An important note before we kick this off: I am not using this comparison for the sake of it, or to prove any similarities or differences between vSphere and Kubernetes. Both are distributed systems at heart, and they must have similarities like any other similar system out there. What I am trying to achieve here at the end of the day is to introduce an incredible technology like Kubernetes to the broader VMware community.
A little bit of history
You should already be familiar with containers before reading this post. I am not going to go through those basics as I am sure there are so many resources out there that talk about this. What I see very often though when I speak with my customers is that they cannot make much sense of why containers have taken our industry by storm and become very popular in record time. To answer this question, and in fact set the context for what is coming, I may have to tell you a little bit about my history as a practical example of how I personally made sense of all the shift that is happening in our industry.
I used to be a web developer back in 2003 before I got introduced to the telecom world, and it was my second paying job after being a network engineer/admin. (I know, I was a jack-of-all-trades back then). I used to code in PHP, and I’ve done all sorts of applications from small internal apps used by my employer, to professional voting apps for TV programs, to telco apps interfacing with VSAT hubs and interacting with satellite systems. Life was great, except for one major hurdle that I am sure every developer can relate to: the dependencies.
I first code my app on my laptop using something like the LAMP stack, and when it works well, I upload the source code to the servers, be it hosted out on the internet (anyone remember RackShack?) or on private servers for our end-customers. As you can imagine, as soon as I do that, my app is broken and it just won’t work on those servers. The reason, of course, is that the dependencies I use (like Apache, PHP, MySQL, etc.) have different releases than what I used on my laptop. So I have to figure out a way to either upgrade those releases on the remote servers (bad idea) or just re-code what I did on my laptop to match the remote stacks (worse idea). It was a nightmare, and sometimes I hated myself and questioned why I’m doing this for a living.
Fast forward 10 years, and along came a company called Docker. I was a VMware consultant in professional services (2013) when I heard about Docker, and let me tell you that I couldn’t make any sense of that technology back in those days. I kept saying things like: “Why would I run containers when I can do that with VMs?” “Why would I give up important features like vSphere HA, DRS or vMotion for those weird benefits of booting up a container instantly or skipping the “hypervisor” layer?” In short, I was looking at this from a pure infrastructure perspective.
But then I started looking closer until it just hit me. Everything Docker is all about relates to developers. Only when I started thinking like one did it click. What if I had this technology back in 2003 and packaged my dependencies? My web apps would work no matter what server they run on. Better yet, I don’t have to keep uploading source code or setting up anything special. I can just “package” my app in an image and tell my customer to download that image and run it. That’s a web developer’s dream!

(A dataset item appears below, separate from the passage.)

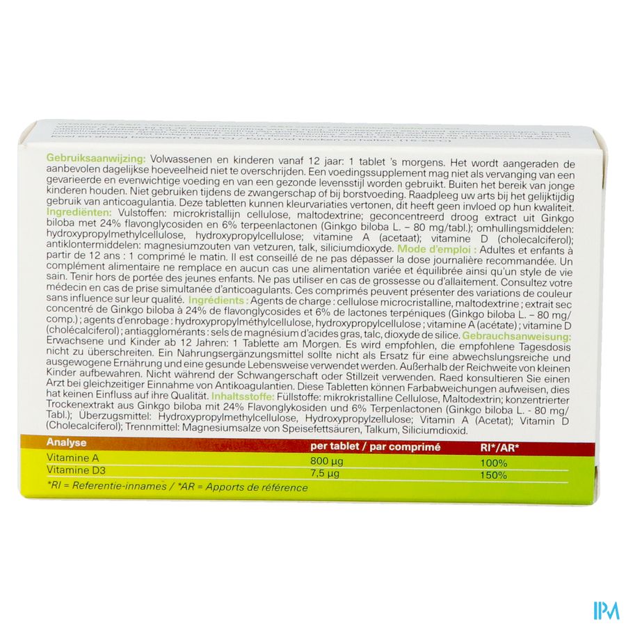 Vulstoffen: microkristallijn cellulose, maltodextrine; geconcentreerd droog extract uit Ginkgo biloba met 24% flavonglycosiden en 6% terpeenlactonen (Gingko biloba L. - 80mg/tabl.); omhullingsmiddelen: hydroxypropylmethylcellulose, hydroxypropylcellulose; vitamine A (acetaat); vitamine D (cholecalciferol); antiklontermiddelen: magnesiumstearaat, talk, siliciumdioxyde.

Docker solved a huge issue for interop and packaging, but now what? As an enterprise customer, how can I operate this app at scale? I still want my HA, my DRS, my vMotion and my DR. It solved my developer problems and it created a whole bunch of new ones for my DevOps team. They need a platform to run those containers the same way they used to run VMs.
But then along came Google to tell the world that it has been actually running containers for years (and in fact invented them – Google: cgroups), and that the proper way to do that is through a platform they called Kubernetes. They then open sourced it, gave it as gift to the community, and that changed everything again.
Understanding Kubernetes by comparing it to vSphere
So what is Kubernetes? Simply put: it is to containers what vSphere was for VMs to make them data center ready. If you used to run VMware Workstation back in the early 2000s, you know that they were not seriously considered for running inside data centers. Kubernetes brings a way to run and operate containers in a production-ready manner. This is why we will start to compare vSphere side-by-side with Kubernetes in order to explain the details of this distributed system and get you up to speed on its features and technologies.
Just like vSphere’s vCenter and ESXi hosts, Kuberentes has the concept of master and nodes. In this context, the K8s master is equivalent to vCenter in that it is the management plane of the distributed system. It is also the APIs’ entry point where you interact with your workloads management. Similarly, the K8s nodes act as the compute resources like ESXi hosts. This is where you run your actual workloads (in K8s’ case we call them pods). The nodes could be virtual machines or physical servers. In vSphere’s case, of course, the ESXi hosts have to be physical always.
You can see also that K8s has a key-value store called “etcd.” It is similar to vCenter Server DB in that you store the cluster configuration as the desired state you want to adhere to there.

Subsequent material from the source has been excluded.